Здесь есть строфы такой великолепной силы и красоты, что они волнуют, как благородная и волнующая музыка. Вы послушаете некоторые из них. Аббатиса так любила эту монахиню, что доверяла ей больше всех остальных и сделала ее Хранительницей Дверей:—

“High on a hill the Convent hung,

Across a duchy looking down,

Where everlasting mountains flung

Their shadows over tower and town.

“The jewels of their lofty snows

In constellations flashed at night;

Above their crests the moon arose;

The deep earth shuddered with delight.

“Long ere she left her cloudy bed,

Still dreaming in the orient land,

On many a mountain’s happy head

Dawn lightly laid her rosy hand.

“The adventurous sun took heaven by storm;

Clouds scattered largesses of rain;

The sounding cities, rich and warm,

Smouldered and glittered in the plain.

“Sometimes it was a wandering wind,

Sometimes the fragrance of the pine,

Sometimes the thought how others sinned

That turned her sweet blood into wine.

“Sometimes she heard a serenade

Complaining sweetly, far away:

She said, ‘A young man wooes a maid;

And dreamt of love till break of day.”

Напрасно она прибегала к своей узловатой плети. День за днем ей «все еще приходилось очищаться от того же красного греха». Пришла зима, и снег укрыл холмы и равнины; и она наблюдала, как ближайший город светится под морозным небом. «Ее голодное сердце пожирало город»; пока, наконец, она не разорвала на полоски свою повязку и вуаль и не отбросила кольцо и браслет, которые носила как обрученная с Христом:—

“‘Life’s dearest meaning I shall probe;

Lo! I shall taste of love, at last!

Away!’ She doffed her outer robe,

And sent it sailing down the blast.

“Her body seemed to warm the wind;

With bleeding feet o’er ice she ran;

‘I leave the righteous God behind;

I go to worship sinful man.’”

Она достигла «ворот шумного города». Она выпила дикую чашу любви до дна. Она воскликнула —

“‘I am sister to the mountains, now,

And sister to the sun and moon.’”

Она совершила свое царственное шествие. Она любила и жила —

“But soon her fire to ashes burned;

Her beauty changed to haggardness;

Her golden hair to silver turned;

The hour came of her last caress.

“At midnight from her lonely bed

She rose, and said, ‘I have had my will.’

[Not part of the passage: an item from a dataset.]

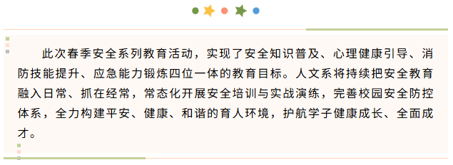 春季学期开学以来,人文系聚焦安全教育、心理健康、消防安全、防校园欺凌等内容,系统开展主题班会、消防器械实操演练、防火应急演练等系列安全教育活动,全力筑牢校园安全屏障。

The old ragged robe she donned, and fled

Back to the convent on the hill.”

Она благословляла, пока бежала туда, удобные монастырские законы, по которым монахинь, согрешивших так, как она, хоронили заживо. Но я должна скопировать оставшиеся строфы, ибо никакое сокращение не может воздать должное их нежному, жалостливому, триумфальному очарованию:—

“Like tired bells chiming in their sleep,

The wind faint peals of laughter bore;

She stopped her ears and climbed the steep,

And thundered at the convent door.

“It opened straight: she entered in,

And at the Wardress’ feet fell prone:

‘I come to purge away my sin;

Bury me, close me up in stone.’

“The Wardress raised her tenderly;

She touched her wet and fast-shut eyes:

‘Look, sister; sister, look at me;

Look; can you see through my disguise?’

“She looked, and saw her own sad face,

And trembled, wondering, ‘Who art thou?’

‘God sent me down to fill your place:

I am the Virgin Mary now.’

“And with the word, God’s mother shone:

The wanderer whispered, ‘Mary, Hail!’

The vision helped her to put on

Bracelet and fillet, ring and veil.

“‘You are sister to the mountains now,

And sister to the day and night;

Sister to God.’ And on the brow

She kissed her thrice, and left her sight.

“While dreaming in her cloudy bed,

Far in the crimson orient land,

On many a mountain’s happy head

Dawn lightly laid her rosy hand.”

«Баллада о монахине» кажется мне главным достижением мистера Дэвидсона; однако «Баллада о небесах» и «Баллада об аде» едва ли менее поразительны. В «Балладе о небесах» есть музыкант, который годами работает над одним великим сочинением. Мир игнорирует его. Его жена и ребенок, одетые в лохмотья, голодают на своем продуваемом чердаке; но он не знает об этом, ибо пребывает в странном, далеком небе своей музыки.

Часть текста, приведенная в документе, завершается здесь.